But the process wasn’t easy for everyone. Adam, 35, a regular gig-goer, was hoping to buy tickets to see Swift in Edinburgh with his fiancée, but ran into glitches on the AXS website. When he finally did get through, the only available tickets were “the extortionate VIP packages”, which go up to £600. Adam had hoped to spend about £80 a ticket, and as he tried to see if there were any left at that price, the site “kicked us out” because it suspected him of being a bot. He tried again later that day and experienced the same thing. “I’ve bought tickets for numerous gigs and festivals,” Adam said, “and I’ve never encountered anything so disorganised and poorly thought out. It was my first time trying to see Taylor live and if this is how it is trying to get tickets, then I don’t think I’ll be trying again in the future.”

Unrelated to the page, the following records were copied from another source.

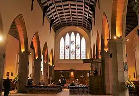 Internally, octagonal pillars bear parallel arcades of chamfered pointed arches that run along eight bays; these are interrupted only by a lateral arch that divides the western two bays from the rest of the church. The aisles of these bays are partitioned off to form rooms and the arch frames the organ loft.[37] In these two western bays, a plaster vault forms the ceiling while the eastern six bays are covered by a timber barrelled ceiling supported on timber shafts that rise from corbels in the wall above each pillar.[55] A boss rests where each arch between corresponding shafts crosses the longitudinal rib; these depict emblems of Saint Andrew, Saint Margaret, and each person of the Trinity.[56][58][59]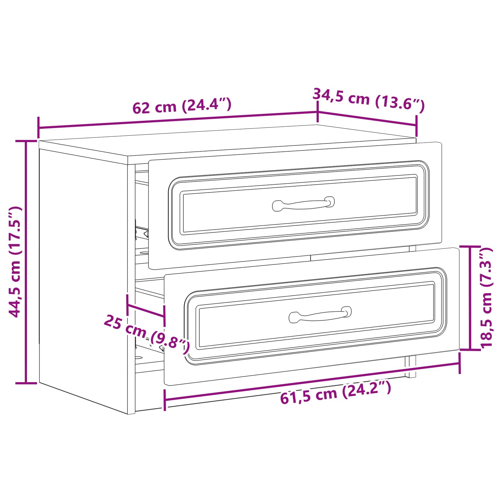 - Splošne dimenzije: 62 x 34,5 x 44,5 cm (D x Š x V)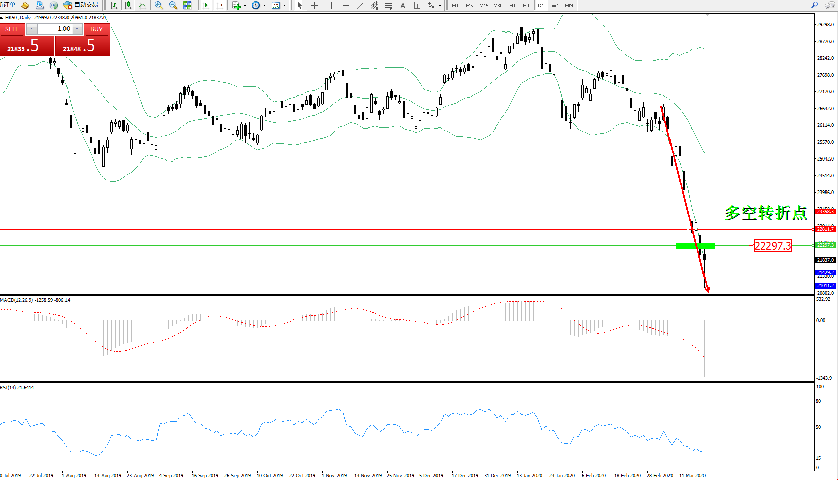 香港恒生指数319日(周四)收盘下跌582.69点,跌幅2.61%,报21709.13点;港股市场整体现大跌行情,主要股指大幅探底后跌幅开始收窄。上午盘开盘后现单边下跌行情,恒指一度大跌超5%下挫超千点。随着市场情绪转好,午后震荡回升。但外围疫情仍旧持续恶化,时刻影响市场走向。主板成交量为1910.53亿港元,港股通大幅净流入167.1亿港元。股、债券、商品甚至黄金都在抛售加剧,说明流动性危机——金融危机的前兆已经出现,要做好应对金融危机的准备,疫情全球大流行只是导火索,根源是全球经济、金融、社会的脆弱性。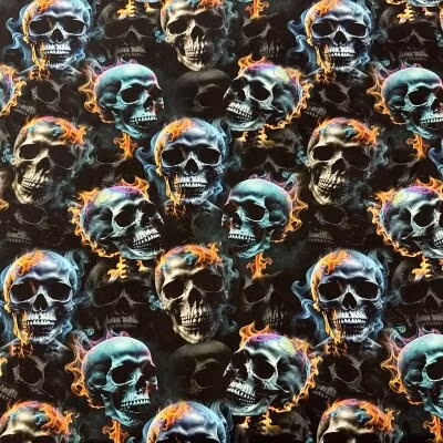 Dödskallar med eld bomullsjersey 95% bomull 5% elastan Ca 150 cm bred 220g/m2 GOTS-certifierat Max tvätttemperatur 30° 1 prick på strykjärn Tyget säljs per decimeter. 1=1dm, 10=1m Minsta beställningsmått är 5dm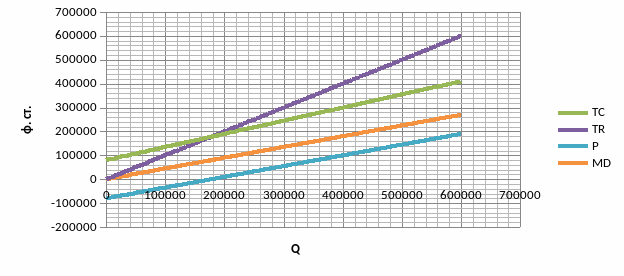 MD – маржинальный доход, разность между выручкой предприятия и ее переменными затратами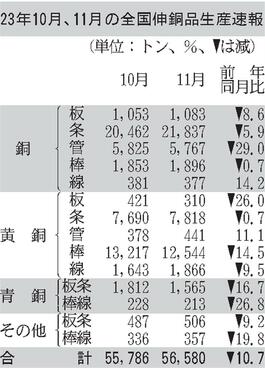 11月の伸銅品生産/11%減、5万6580トン/車向け回復減少幅縮小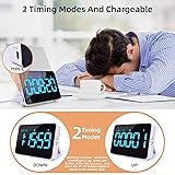 Rechargeable Counting Down/up Kitchen Timer--The large digital timer countdown from 9:59:59 to 0:00:00, or as a stopwatch from 0:00:00 to 9:59:59; The magnetic kitchen timers is rechargeable, timers come with the Typ-c charging cable. With this rechargeable digital timer, you no longer have to worry about changing batteries frequently. 5" LED Display with 3 Screen Modes--The timer with a large black screen and blue numbers is very friendly to the elderly and children to check the time easily.High/low light/power saving screen modes for you use during day and night. In power saving mode without press any key , the egg timer will automatically go from high light to shutdown after 10 seconds / it will automatically turn off after 5mins when it is not working ,just press the button on the screen to activate it again as needed. Kitchen Timer Digital with 4 levels of adjustable volume-- Loud (80-90dB)-a loud alarm is easy to hear even if you are not around; Soft (60-75dB) -children use a soft volume for better hearing protection; Vibrate/Silent-set to vibrate/silent during a meeting or library to remind yourself without disturbing others; the alarm/vibrate/flash will last for 1 minute unless you press any key to pause. 3 Ways to Place The Cooking timer --The digital kitchen timer for cooking with four strong magnets for a powerful suction and no slip, easily to stick it on any metal surface directly, or you could hang it anywhere by using the hook, it also with a stand for place on desktop.Ideal for kids, Seniors, housewives, cooking, homework, yoga, skin care, meeting, exercise, sports, games, classroom, office, library, lab. The Magnetic timer is Easy to Use --The countdown timer with regular and simple button settings, children and seniors can easily make it work too! Separate H, M and S button to set the exact time you need, the SP/ST button to start/stop, a CLEAR button is added to makes it much easier to reset. Press and hold H, M or S to quickly adjust to the time you want. When the countdown is up, press any button at the top to pause, and press the ST/SP button again to return to the last set time.

Helen also had an arduous time over her three dedicated ticket-buying days. She is eligible for easy access, for people with disabilities or limited mobility, but these tickets weren’t available to buy online. She instead spent several hours dialling and redialling a Wembley Stadium phone number, using both her and her partner’s phone, until she was put on hold, where she waited for three hours. When she got through she bought a £130 ticket for a seat at the back of the stadium.

The next day she “treated herself” to VIP seats for the tour’s closing night at Wembley Stadium, “to get the seats that I wanted, and to have the merch for my collection”. (VIP packages include Taylor Swift prints, a commemorative tote bag, a collectable pin, sticker and postcard set, a souvenir concert ticket, and a “special” VIP tour laminate and matching lanyard.) “They were an absolute fortune,” Helen admitted. At face value each ticket was £599. The total for two tickets was £1,327.65, including more than £125 in fees.

Each of the Swifties I spoke to for this article acknowledged the expense of the tickets they had bought, but knew too of the huge cost of putting on a Taylor Swift concert and the many people involved in such a production. At least dynamic or surge pricing – where prices increase according to demand – was not in play here as it has been for previous Swift tours, said Sam. It shows that the artist cares about her fans, as does the sheer length of the show she puts on.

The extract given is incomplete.